◆ **Problem**: Every entry below must be retyped exactly, and the pictures must be left out.

============================================================

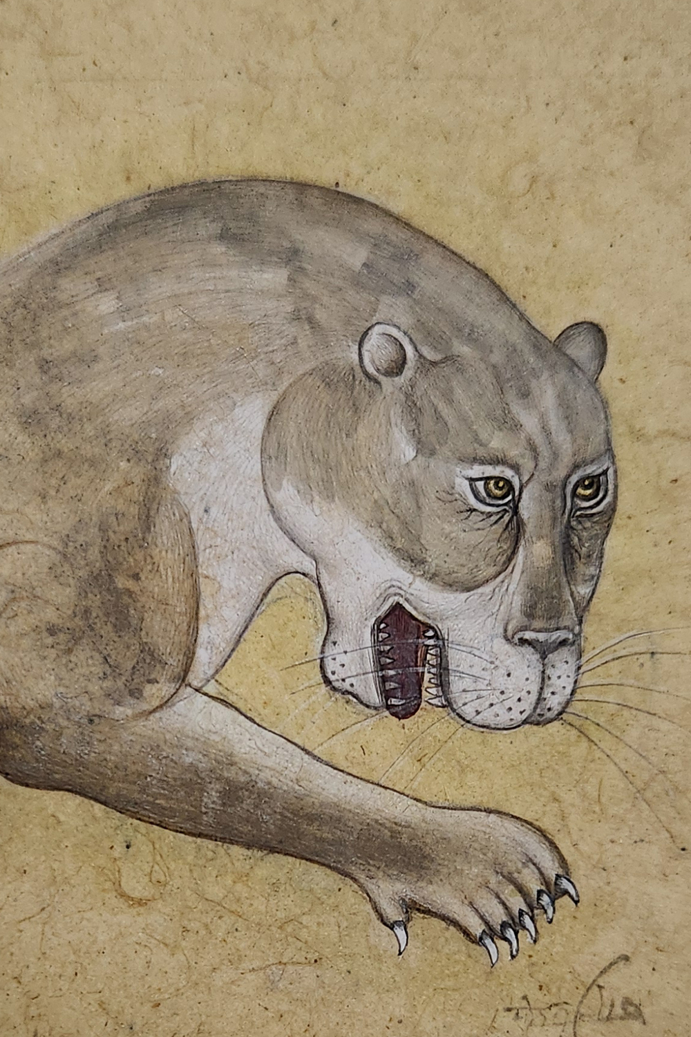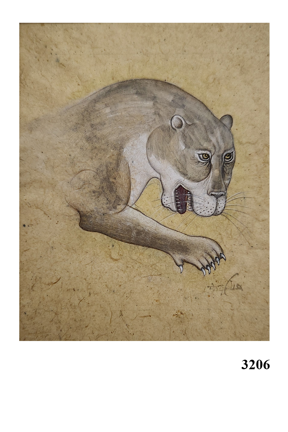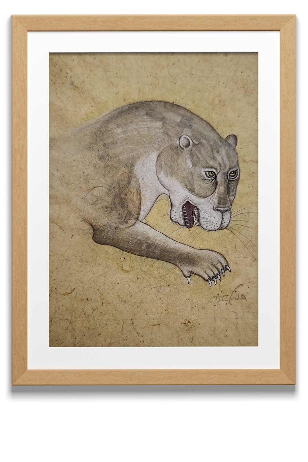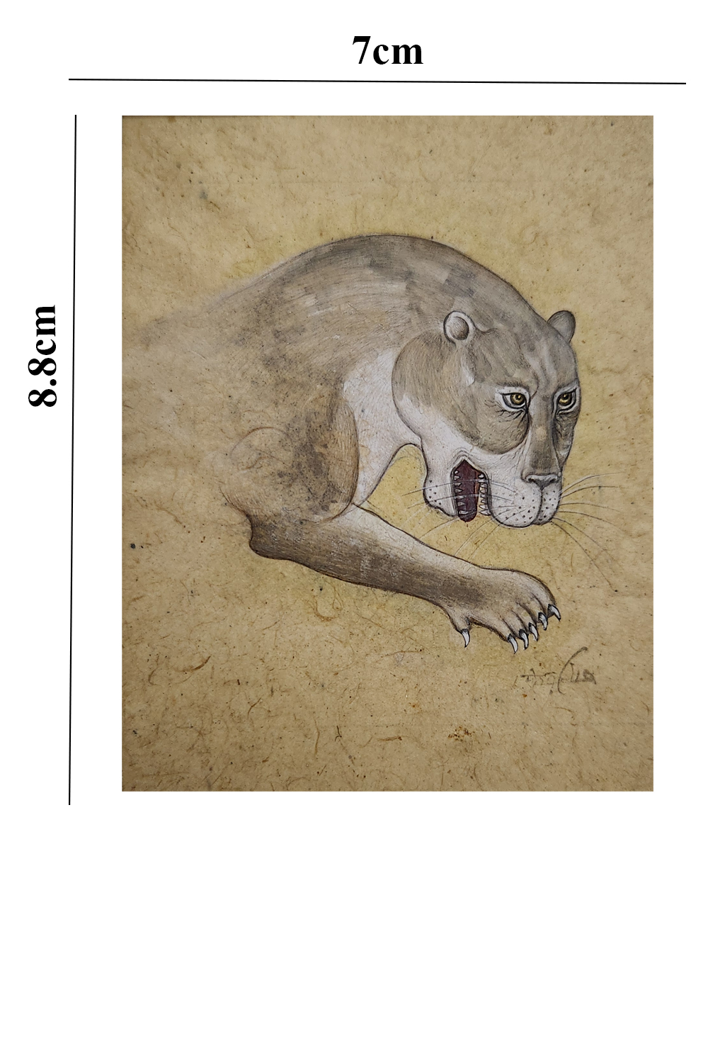 Product Content in Details: The Crouching Panther is a captivating portrayal of a panther in motion, symbolizing agility and grace. The painting showcases the panther's sleek body with its intricate pattern of fur and tense muscles, accentuating the animal's power and precision. The artist’s use of natural pigments and subtle shading enhances the realism, bringing the panther to life.
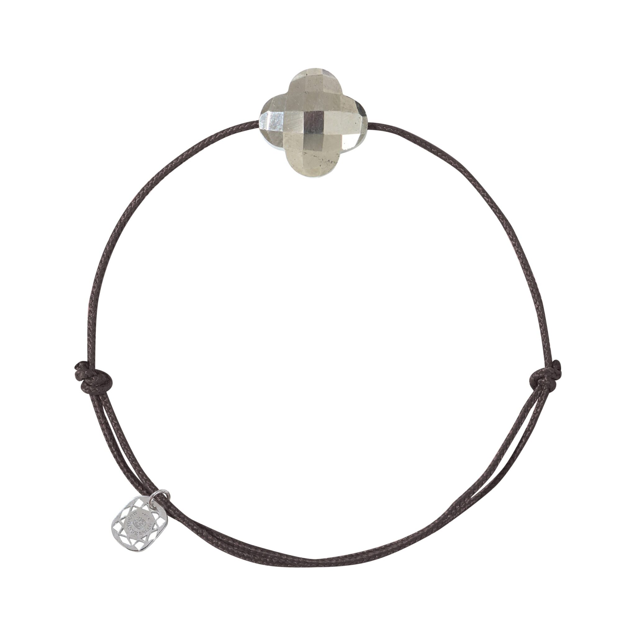 Pulsera Morganne Bello Friandise, cordón chocolate, trébol pirita y plata
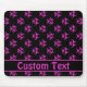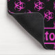 Black mousepad with a repeating biohazard symbol pattern in bright pink and editable text field, personalise with up to 15 letters, numerals or symbols.
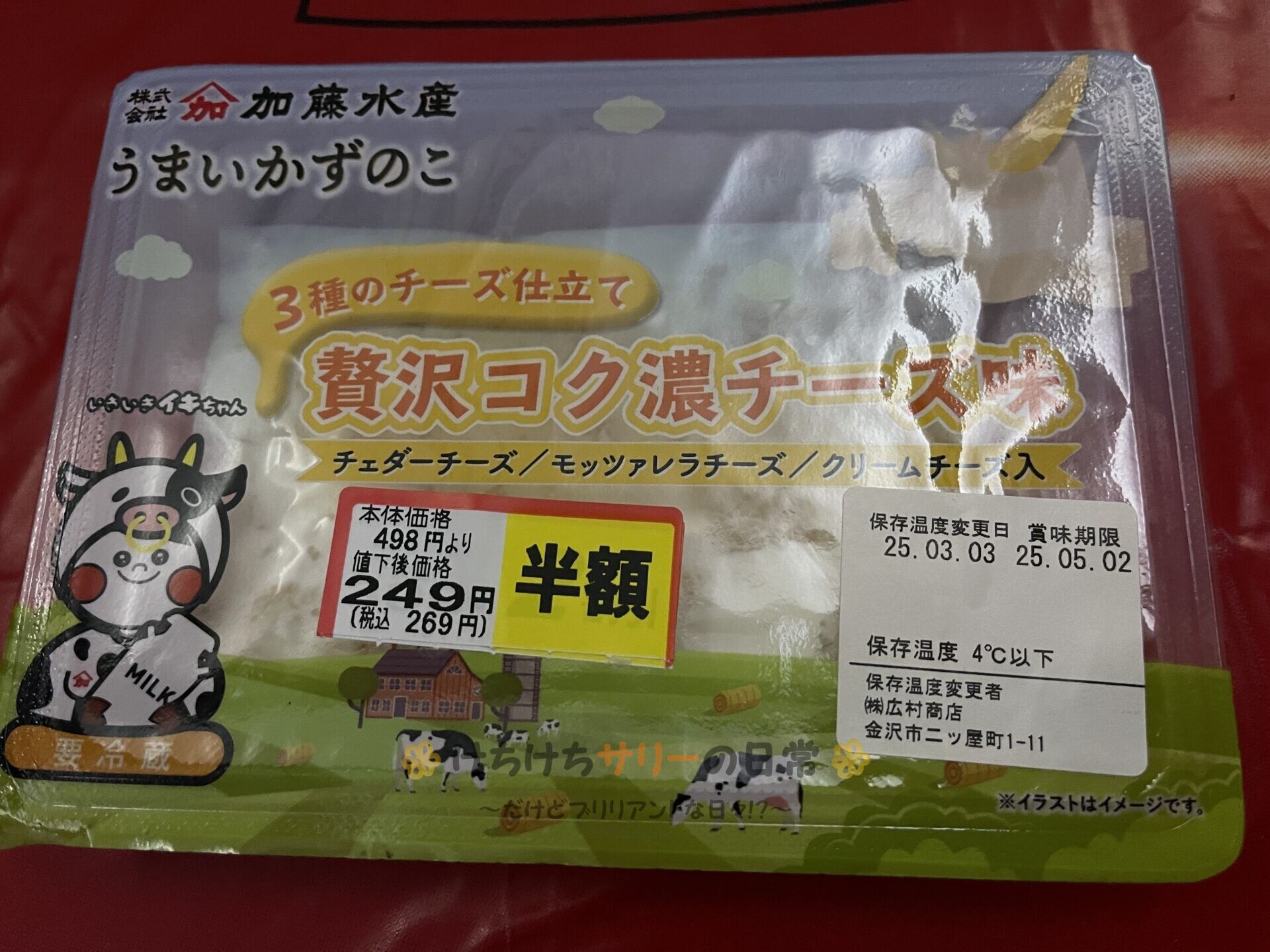 食後は2日目にアルビスでゲットした「かずのこ 贅沢コク濃チーズ味:半額で269円」も楽しんだよ😋 チーズが3種類とも好きなものだったから、あっという間に無くなっちゃった😍
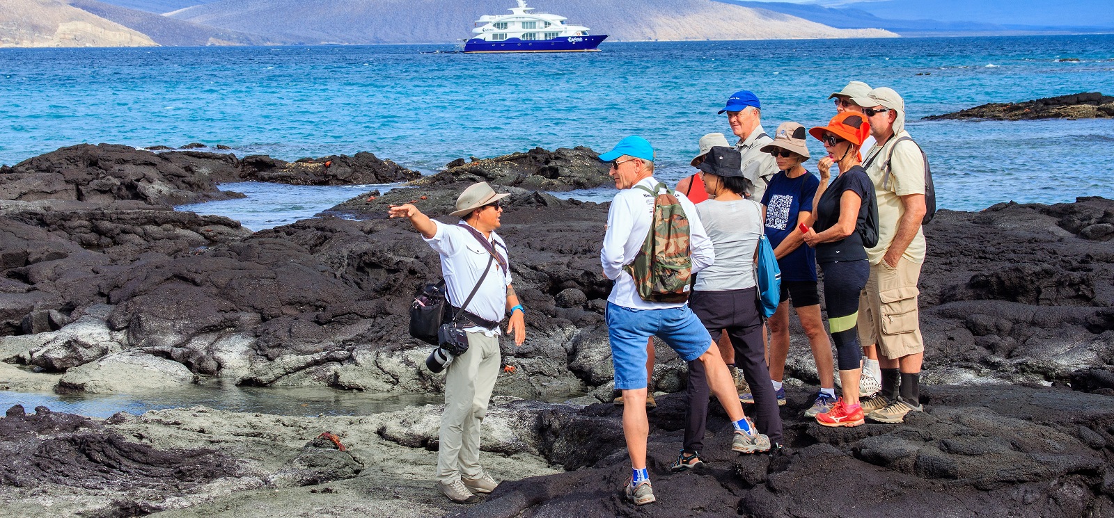 Galapagos islands, Ecuador - October 2, 2017. Tourists explore the lava fields on Bartolome island (Galapagos).

============================================================

◆ **Reply**:
 Product Content in Details: The Crouching Panther is a captivating portrayal of a panther in motion, symbolizing agility and grace. The painting showcases the panther's sleek body with its intricate pattern of fur and tense muscles, accentuating the animal's power and precision. The artist’s use of natural pigments and subtle shading enhances the realism, bringing the panther to life.
 Pulsera Morganne Bello Friandise, cordón chocolate, trébol pirita y plata
 Black mousepad with a repeating biohazard symbol pattern in bright pink and editable text field, personalise with up to 15 letters, numerals or symbols.
 食後は2日目にアルビスでゲットした「かずのこ 贅沢コク濃チーズ味:半額で269円」も楽しんだよ😋 チーズが3種類とも好きなものだったから、あっという間に無くなっちゃった😍
 Galapagos islands, Ecuador - October 2, 2017. Tourists explore the lava fields on Bartolome island (Galapagos).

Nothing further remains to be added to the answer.